When we built the email-agent for this Utrecht jeugdzorginstelling, the thing we kept running into was that the safety-signal path and the draft path had to be two separate systems, not two prompts on the same chain. We ended up solving it by treating the triage classifier as a one-job microservice with its own escalation queue, and only allowing the drafting agent to read its output, never its input. If you are looking at a similar build, that is the structural decision to make first — and it is the kind of call we make on every AI agent engagement.
The five-minute audit you can run tomorrow
Open your shared inbox. Pick the last fifty inbound emails. For each one, write down the latency between arrival and first human action. Plot the distribution. If the long tail crosses any hard legal or safety threshold (yours will be different from the Jeugdwet, but you have one), that is the email you automate first. Not the highest-volume one. The highest-stakes one.
Key takeaway
In a regulated inbox, build the do-nothing path before the draft path. The agent has to earn the right to write — silence on the wrong message is a feature.
FAQ
Why doesn't the agent autoreply to messages flagged as an acute safety signal?
Because under the Jeugdwet the first assessment of an acute signal has to be made by a gedragswetenschapper. A machine-generated acknowledgement on that kind of message reads as a system that didn't understand the urgency, which is worse than silence.

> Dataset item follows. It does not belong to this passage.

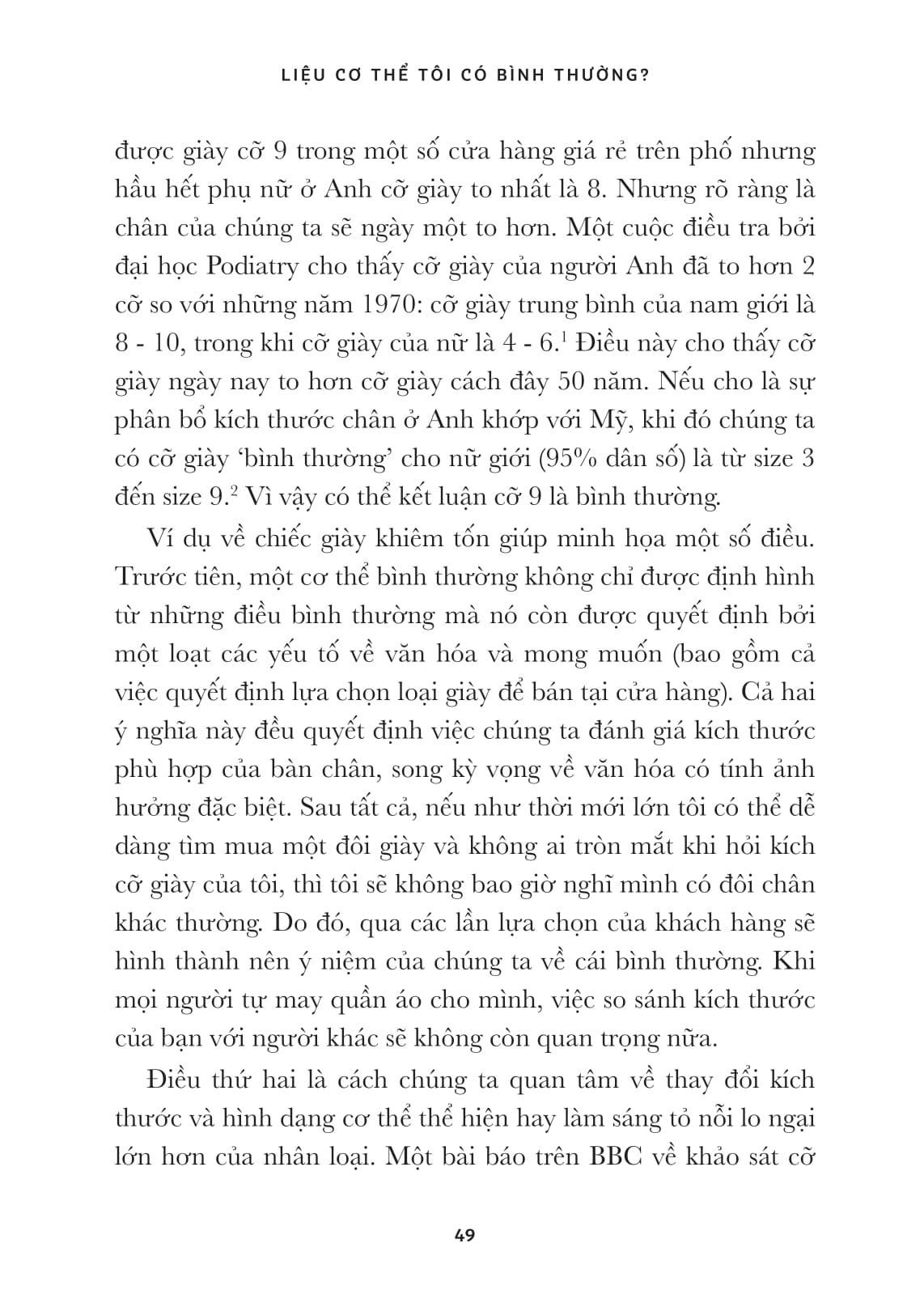 Các vấn đề đặt ra trong sách đều thú vị, đi từ giải thích thuật ngữ "bình thường" từ cổ chí kim đến các băn khoăn liệu cơ thể m.ình có bình thường? Tâm trí, đời sống tình dục, cảm xúc... của m.ình có bình thường chăng? Con của m.ình có bình thường, có giống hay bằng “con nhà người ta” không? Cả xã hội này có bình thường?

How does the agent handle privacy under the AVG?
Email bodies are processed in-region, archive search results are PII-reduced before they reach the model, and the agent never auto-creates a cliënt record. Low-confidence matches go to a human queue instead of being attached to the wrong file.
Did you have to migrate off Nedap Ons or Exchange 2013 to make this work?
No. We built thin adapters against both systems as they were. The Exchange Online migration was already on the 2026 roadmap, but shipping the agent didn't have to wait for it.
How long did the build take end-to-end?
About twelve weeks to first production traffic on a single intake mailbox, then another four months of iterating on the rule layer, the matching heuristics, and the few-shot drafts before the team trusted it on the full inbox.